Into the Impossible With Brian Keating
Science:Natural Sciences
In 2009, Kaltenegger realized that a telescope like JWST would see only tiny signals from atmospheric gases during each transit, so in order to achieve any statistical certainty, astronomers would need to observe dozens or even hundreds of transits, which would take years. Acting on this insight, astronomers started to seek Earths in close orbits around dimmer, colder red dwarf stars, where atmospheric signals will be less drowned out by starlight and transits repeat more frequently.
In 2017, astronomers announced the discovery of seven rocky planets around a red dwarf star called TRAPPIST-1. Then in September, the SPECULOOS-2 system emerged as a backup. These stars are close. They’re dim and red. They each have multiple rocky planets that transit. And as of the summer, the JWST is up and running even better than expected. It will spend a sizable fraction of the next five years staring hard at these messy globes of rock and chemicals spinning around their strange stars. For theoreticians like Kaltenegger who went from daydreaming of alternate Earths to churning out predictions about their atmospheric chemistry, decades of anticipation have given way to a slow fade-in of squiggly spectra on computer monitors.

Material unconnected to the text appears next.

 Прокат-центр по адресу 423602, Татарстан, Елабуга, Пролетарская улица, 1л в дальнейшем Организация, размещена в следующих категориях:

The goal at the time was to compare spectra from rocky, temperate planets to what Earth’s spectrum would look like from far away, seeking conspicuous signals like a surplus of oxygen due to widespread photosynthesis. Kaltenegger’s objection was that, for the first 2 billion years of Earth’s existence, its atmosphere had no oxygen. Then it took another billion years for oxygen to build up to high levels. And this biosignature hit its highest concentration not in Earth’s present-day spectrum, but during a short window in the late Cretaceous Period when proto-birds chased giant insects through the skies.

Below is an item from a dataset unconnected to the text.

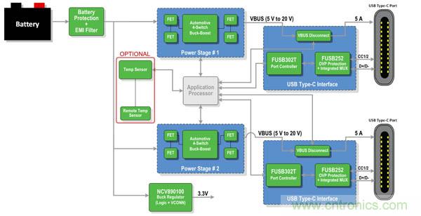 安森美半導(dǎo)體的FUSB302B是完全符合AEC-Q100車規(guī)的可編程的USB Type-C控制器,含電源傳輸,集成了一個(gè)BMC客戶端配置通道,支持全Type-C PD 2.0 的1.1版本。這意味著CC可用于檢測設(shè)備何時(shí)連接或未連接、主機(jī)或設(shè)備的當(dāng)前功能,以及是否存在有源電纜,以及選擇所需的模式(如音頻適配器或調(diào)試附件模式)。圖1顯示了一個(gè)典型應(yīng)用的框圖。

Without a good theoretical model for how Earth’s own spectrum has changed, Kaltenegger feared, the big planet-finding missions could easily miss a living world that didn’t match a narrow temporal template. She needed to envision Earth as an exoplanet evolving through time. To do this, she adapted one of the first global climate models, developed by the geoscientist James Kasting, which still includes references to the 1970s magnetic-tape era it originated in. Kaltenegger developed this code into a bespoke tool that can analyze not only Earth through time but also radically alien scenarios, and it remains her lab’s workhorse.